La citazione è una tra le funzioni conversazionali più frequentemente attestata negli studi sul CM (Alfonzetti, 2012, p. 128). Lo studio presente non è un’eccezione ed è semplice trovare esempi sull’alternanza di codice per riportare, in forma diretta o indiretta, quello che è stato enunciato da un altro locutore in un altro contesto, questo sia reale o immaginato. Nell’esempio 24 la commutazione interfrasale è una chiara introduzione al discorso diretto, cioè Mirco riproduce il discorso diretto in siciliano come originalmente espresso, in questo caso quello che l’intero gruppo di ragazzi ha

gridato mentre aspettavano il compagno con cui avevano una discussione. Il racconto altrimenti scorre in italiano.

24 – MIRCO IN CLASSE – RACCONTA DI UN LITIGIO TRA COMPAGNI DI SCUOLA (9-1’20’’)

M: Usciamo tutta la scuola, com’è suonata arriviamo tutti quanti ueeeeee, (x) che scappavano per dire, ci mettiamo davanti “unni è iddu, u’

spàcchiu è chistu ccà?”* {dov’è lui, dove cazzo è questo qua?}

Nel prossimo esempio 25, Mirco chiede alla sua amica cosa è successo quando lei è arrivata in ritardo a scuola. L’amica racconta partendo in italiano e commutando in siciliano quando recita la parte del bidello. Nel turno 2 rimane un po’ inaspettato in siciliano anche quando introduce e riporta la propria parte, probabilmente perché gli ha risposto in siciliano.

25 – IL RITARDO DELL’AMICA DI MIRCO (3-0’18’’)

1. M: Ma oggi che ti hanno detto che a scuola sei entrata in ritardo?

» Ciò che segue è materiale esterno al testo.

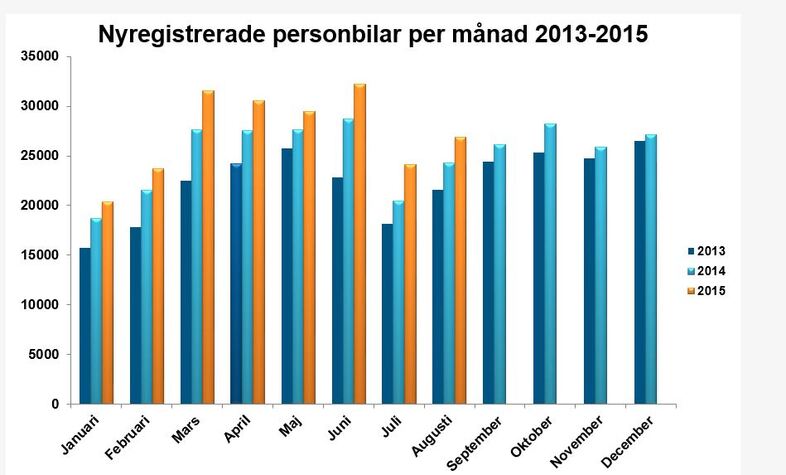 * Augusti 1974 hade högre siffror än augusti 2015, men dessa var påverkade av en köprusch inför en momshöjning och är inte direkt jämförbara med årets augusti.

2. Af: Nieeente il professore sono entra= allora intanto il signor (nome) (imita il bidello con tono dispregiativo): “chi fa, trasi e novi tu?”

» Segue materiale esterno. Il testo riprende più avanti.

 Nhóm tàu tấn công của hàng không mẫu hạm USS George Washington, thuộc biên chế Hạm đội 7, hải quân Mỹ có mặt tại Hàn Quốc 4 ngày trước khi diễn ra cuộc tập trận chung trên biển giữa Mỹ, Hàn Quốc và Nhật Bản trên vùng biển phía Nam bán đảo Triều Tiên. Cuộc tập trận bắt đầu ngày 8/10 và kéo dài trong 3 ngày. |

Ci dissi “veramente trasu all’ottu ma nun àiu ritaddu, quindi pozzu tràsiri senza ca mi rici ca nun pozzu tràsiri picchì iù trasu u stissu”*. {“Che fai, entri alle nove tu?” Gli ho detto:

“Veramente entro alle otto ma non ho ritardi, quindi posso entrare senza che mi dici che non posso entrare perché io entro lo stesso.”}

(…)

3. A: certo perché questo qua è uno zaurdo gli parli così e non ti capisce se gli parli in italiano! Si parte e faa “allora guarda chi fai, vai dal vicepreside ti fai avvidiri si già u ritardu un l’ài e po’

m ‘u rici si trasi o nun trasi”*. {che fai, vai dal vicepreside a farti vedere se hai già i ritardi o no e poi me lo dici se entri o non entri.}

Quando commenta il proprio narrativo torna in italiano, chiama tipicamente il bidello zaurdo perché parla in siciliano e così giustifica anche che lei stessa ha usato il dialetto spiegando che non avrebbe capito se gli avesse parlato in italiano. Continua a raccontare di nuovo recitando la parte del bidello come originariamente enunciata in siciliano.